Open richardtomsett opened 6 years ago

richardtomsett commented 6 years ago

Evaluating the Visualization of What a Deep Neural Network Has Learned Deep neural networks (DNNs) have demonstrated impressive performance in complex machine learning tasks such as image classification or speech recognition. However, due to their multilayer nonlinear structure, they are not transparent, i.e., it is hard to grasp what makes them arrive at a particular classification or recognition decision, given a new unseen data sample. Recently, several approaches have been proposed enabling one to understand and interpret the reasoning embodied in a DNN for a single test image. These methods quantify the “importance” of individual pixels with respect to the classification decision and allow a visualization in terms of a heatmap in pixel/input space. While the usefulness of heatmaps can be judged subjectively by a human, an objective quality measure is missing. In this paper, we present a general methodology based on region perturbation for evaluating ordered collections of pixels such as heatmaps. We compare heatmaps computed by three different methods on the SUN397, ILSVRC2012, and MIT Places data sets. Our main result is that the recently proposed layer-wise relevance propagation algorithm qualitatively and quantitatively provides a better explanation of what made a DNN arrive at a particular classification decision than the sensitivity-based approach or the deconvolution method. We provide theoretical arguments to explain this result and discuss its practical implications.
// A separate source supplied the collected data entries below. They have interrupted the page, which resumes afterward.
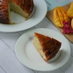 8 x 8 inch baking pan mein caramelized cheeni dal ker mango slices laga lein & side per rakh dein.
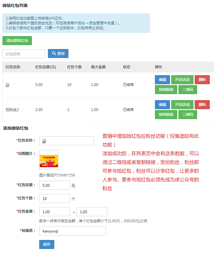 使用此功能,需要使用紅包功能需上傳微信API證書,上傳證書請前往設置->店鋪信息->支付設置上傳apiclient_key,apiclient_cert;確保微信賬戶里的資金充足(可在微信商戶后臺->資金管理中充值);紅包個數與紅包金額,只要一個達到條件,紅包將停止發送。
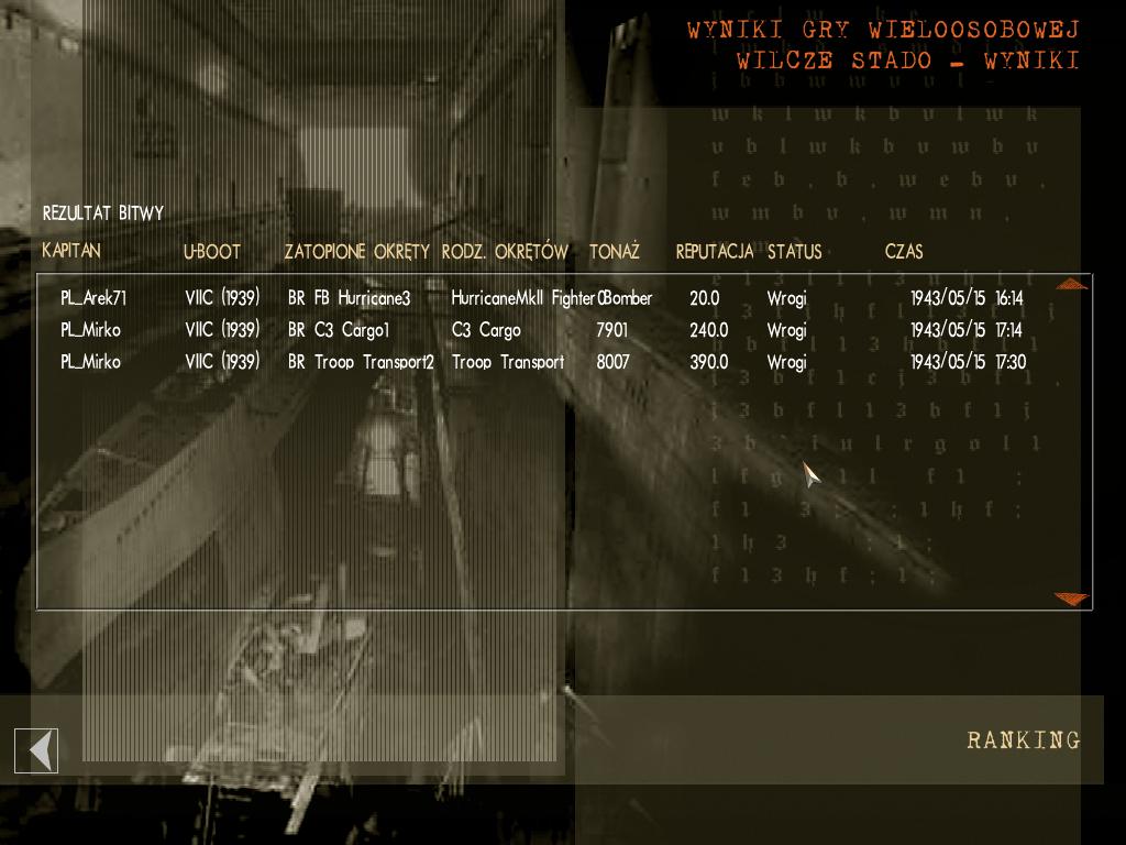 ZADANIE: Panowie, mimo iz kierowalismy was na przechwycenie tego konwoju to brak systematycznych jego namiarow dokonywanych przez nasze lotnictwo uniemozliwilo nam ustawienia Was w najlepszych pozycjach. Wedlug ostatnich danych lotnictwa konwoj znajduje sie w poludniowo-wschodniej czesci kwadratu CN22 i plynie kursem polnocno-zachodnim. Moze sie okazac iz czesc z Was bedzie musiala gonic za konwojem na powierzchni. Alianckie samoloty panuja nad calym obszarem morza dlatego plynac na powierzchni bedziecie narazeni na atak z ich strony. Jednak tym razem mamy nieco szczescia. Wedlug zdjec lotniczych konwoj jest slabo chroniony. Powinno to pozwolic Wam na ostrzal artyleryjski okretow konwoju.
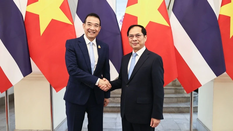 Sáng 24/2, tại trụ sở Bộ Ngoại giao, Phó Thủ tướng, Bộ trưởng Ngoại giao Bùi Thanh Sơn đã hội đàm với Bộ trưởng Ngoại giao Thái Lan Maris Sangiampongsa nhân dịp đang có chuyến thăm chính thức Việt Nam từ ngày 23-25/2.
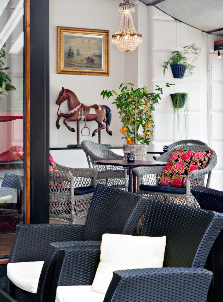 Rummen är rymliga och klassiskt inredda i svensk herrgårdsstil eller engelsk klubbstil.
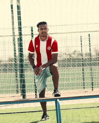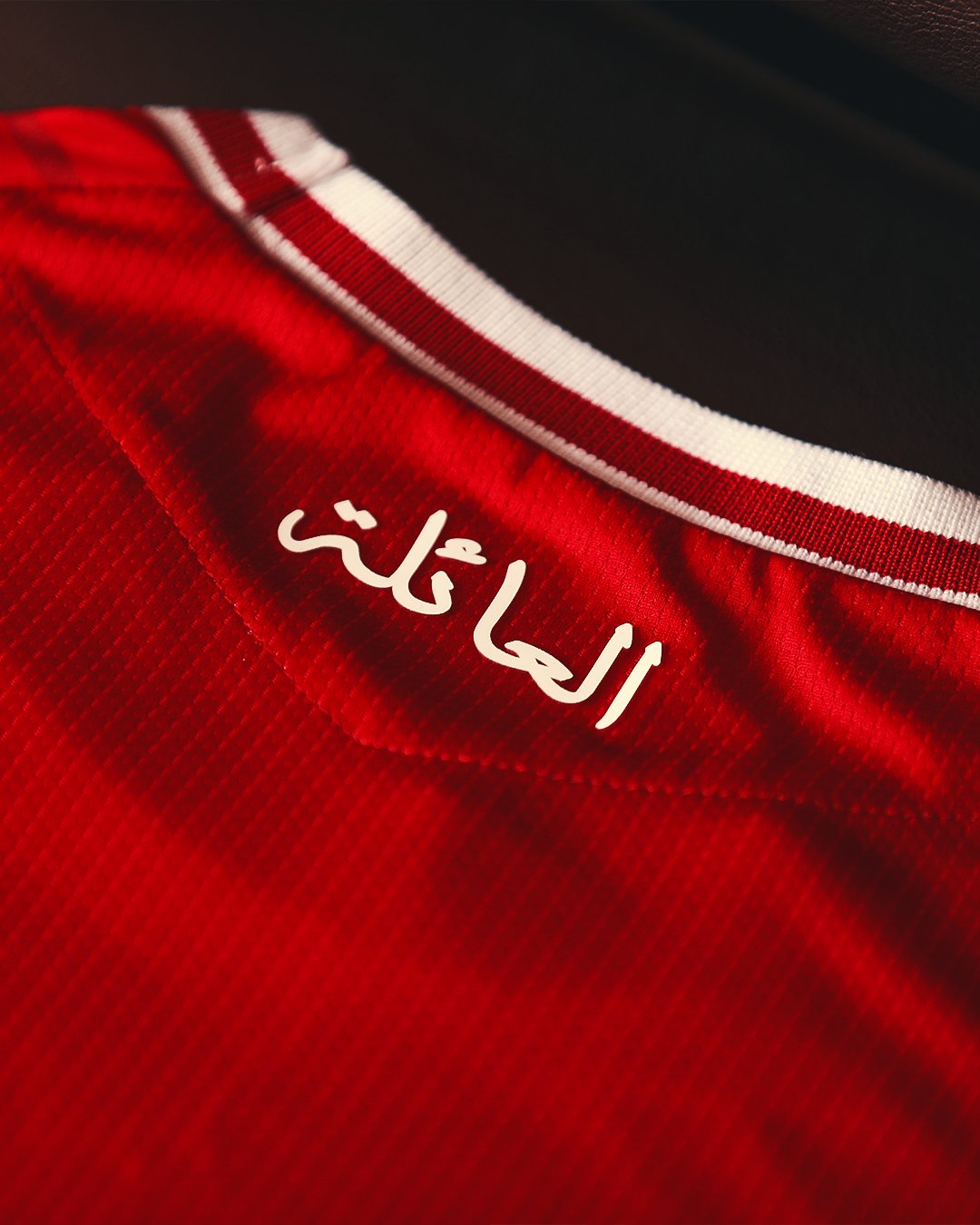 The said crest keeps to the dual-colour palette, there is Arabic script on the upper back and the kit is completed with red shorts and socks.

Finally, we investigate the use of heatmaps for unsupervised assessment of the neural network performance.

Bibtex:

@ARTICLE{7552539, author={W. Samek and A. Binder and G. Montavon and S. Lapuschkin and K. R. Müller}, journal={IEEE Transactions on Neural Networks and Learning Systems}, title={Evaluating the Visualization of What a Deep Neural Network Has Learned}, year={2017}, volume={28}, number={11}, pages={2660-2673}, doi={10.1109/TNNLS.2016.2599820}, ISSN={2162-237X}, }

richardtomsett commented 6 years ago

From previous review: The recently-proposed layer-wise relevance propagation (LRP) algorithm from Wojciech Samek’s group (Binder et al. 2016a, Binder et al. 2016b) uses the fact that the individual neural network units are differentiable to decompose the network output in terms of its input variables. It is a principled method that has a close relationship to Taylor decomposition and is applicable to arbitrary deep neural network architectures (Montavon et al. 2017). The output is a heatmap over the input features that indicates the relevance of each feature to the model output. This makes the method particularly well suited to analyzing image classifiers, though the method has also been adapted for text and electroencephalogram signal classification (Sturm et al. 2016). Samek et al. (2017) have also developed an objective metric for comparing the output of LRP with similar heatmapping algorithms.

*Binder et al. 2016a: issue #44, Binder et al. 2016b: issue #45 , Montavon et al. 2017: issue #46, Sturm et al. 2016: issue #47, Samek et al. 2017: issue #48.